5. Finally, we will test the performance of the overlapping I/O model based on the completed port notification. The data in the above table shows that it is the best performance in all I/O models. The memory usage (including the user paging pool and non-Paging pool) and supported customer connections are basically the same as the overlapping I/O Model Based on Event notification and the WSAEventSelect model. The difference lies in CPU usage. The completed port model only consumes 60% of the CPU, but the other two models (Event Notification-based overlapping I/O model and WSAEventSelect model) maintain the same number of connections) more CPU usage. Another obvious advantage of port completion is that it maintains a larger throughput.
After analyzing the above models, we can find that the defect of the client-server data communication mechanism is a bottleneck. In the above test, the server is designed to only respond in a simple way, that is, to send the data sent from the client back. The client (even if there is a bit rate limit) keeps sending data to the server, this causes a large amount of data to be blocked on the socket corresponding to the client on the server (both the TCP buffer and the AFD single socket buffer are on non-Paging pools ). In the last three models with better performance, only one input operation can be performed at a time, which means that a large amount of data remains in the "pending" status most of the time. You can modify the server program so that it can receive data asynchronously, so that once the data reaches, the data needs to be cached. The disadvantage of this solution is that a customer receives a large amount of data asynchronously when sending data continuously. This will cause other customers to be unable to access, because neither the call thread nor the worker thread can handle other events or complete notifications. Generally, when a non-blocking asynchronous receiving function is called, WSAEWOULDBLOCK is returned first, and data is transmitted intermittently without the continuous receiving method.

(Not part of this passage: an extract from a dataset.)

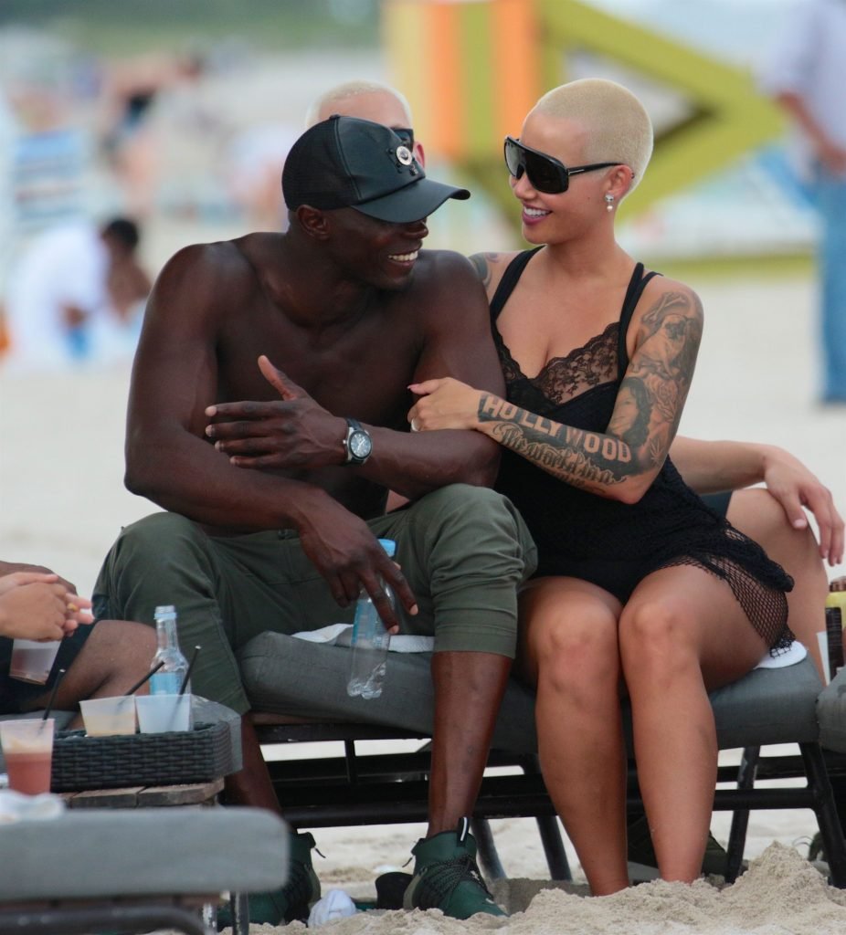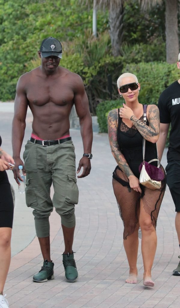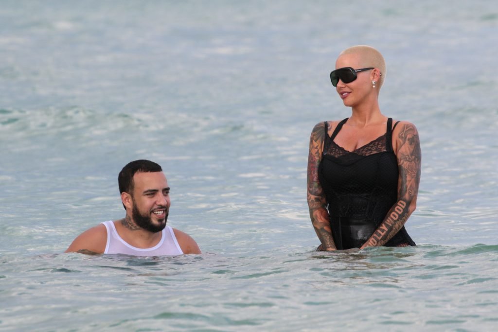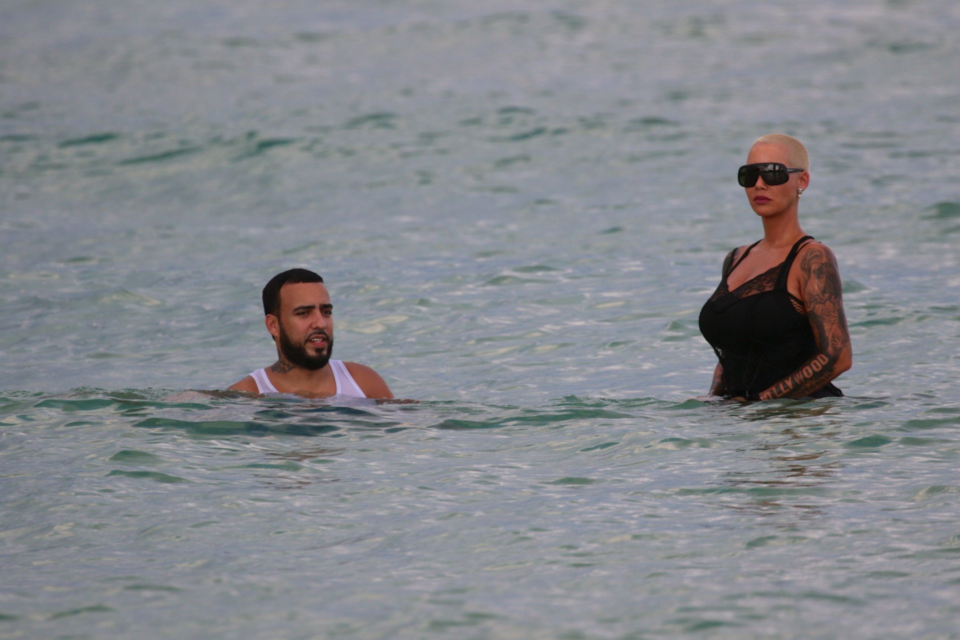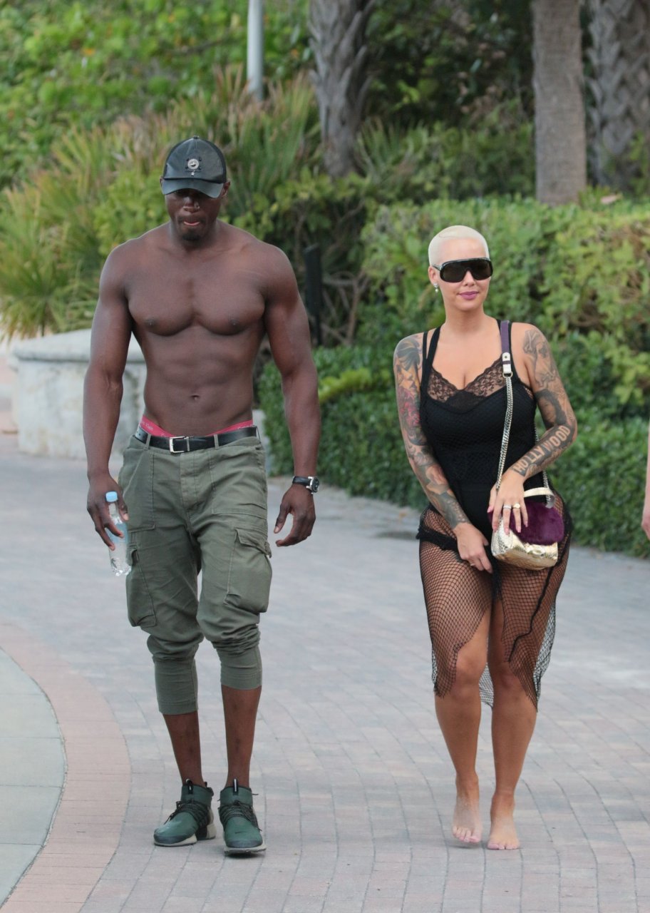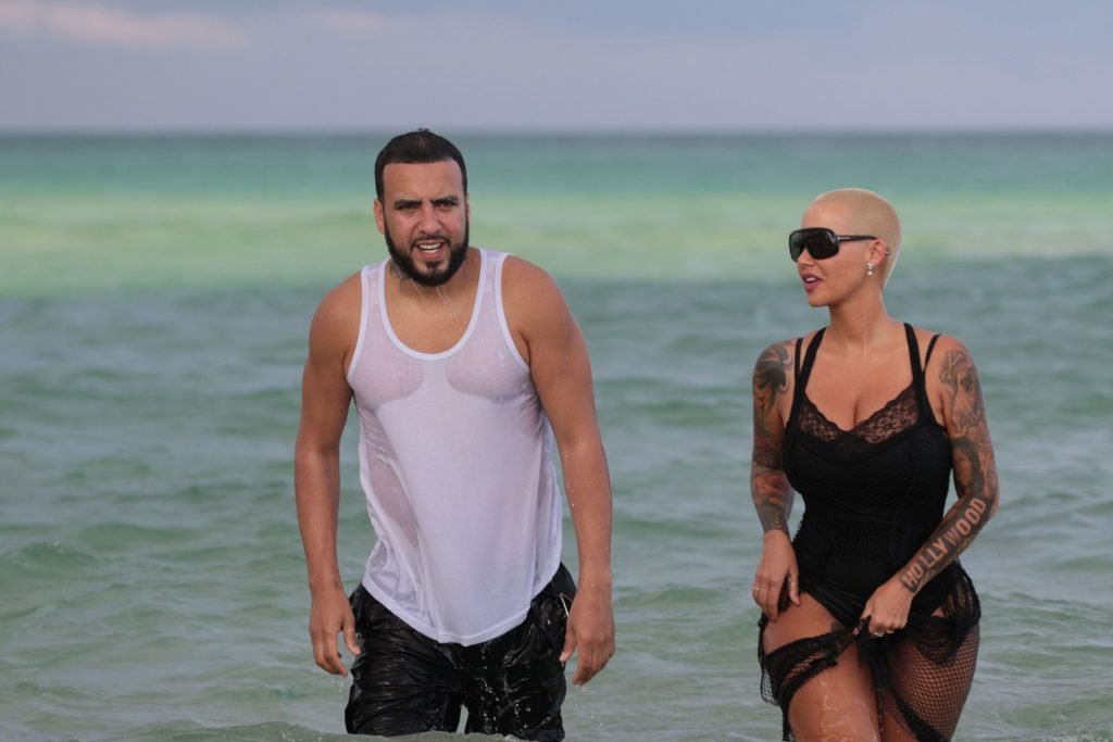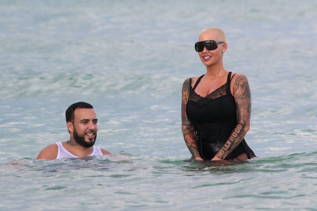 Amber Rose et son petit ami se montrent affectueux sur la plage de Miami Beach, 14/05/2017. Amber Levonchuck (Rose) est un mannequin, rappeuse et actrice américaine (Black-ish (série TV), 2015). Âge : 33 ans.
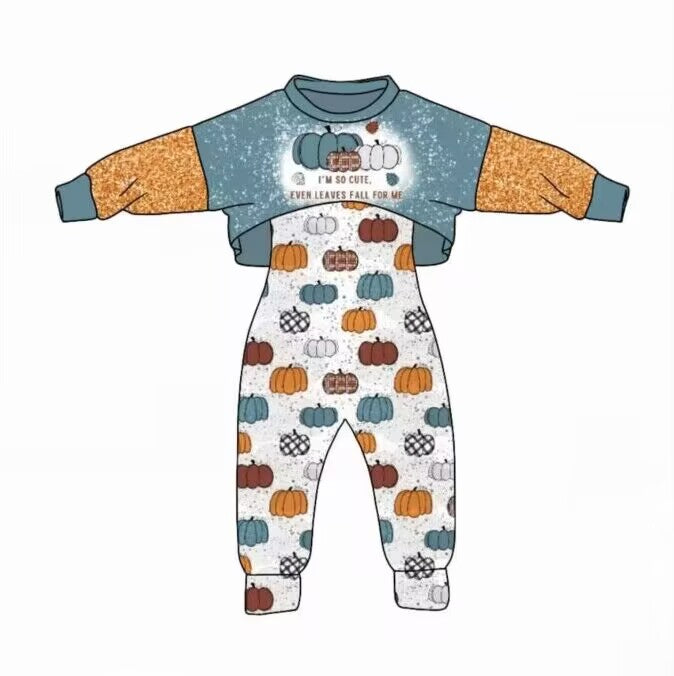 (Custom Design MOQ 5) Fall Pumpkin Girls Jumpsuits Clothes Set

From the above test results, we can see that the WSAEventSelect model and the overlapping I/O model are the best performance. In the two event-based models, it is cumbersome to create a thread pool to wait for the event to complete the notification and perform subsequent processing, but it does not affect the performance of medium-sized servers. When the number of threads increases with the number of client connections, the CPU will spend a lot of time on thread context switching, which will affect the server's scalability, because after the number of connections reaches a certain level, then saturated. The port model provides the best scalability. Because of the low CPU usage, the model supports the most customer connections than other models.
I/O Model Selection
Through the test and analysis of various models in the previous section, it is clear how to select the I/O model that best suits your application. Compared with developing a simple multi-threaded lock-mode application, other I/O models require more complex programming. Therefore, the following principles apply to the choice of client and server application development models.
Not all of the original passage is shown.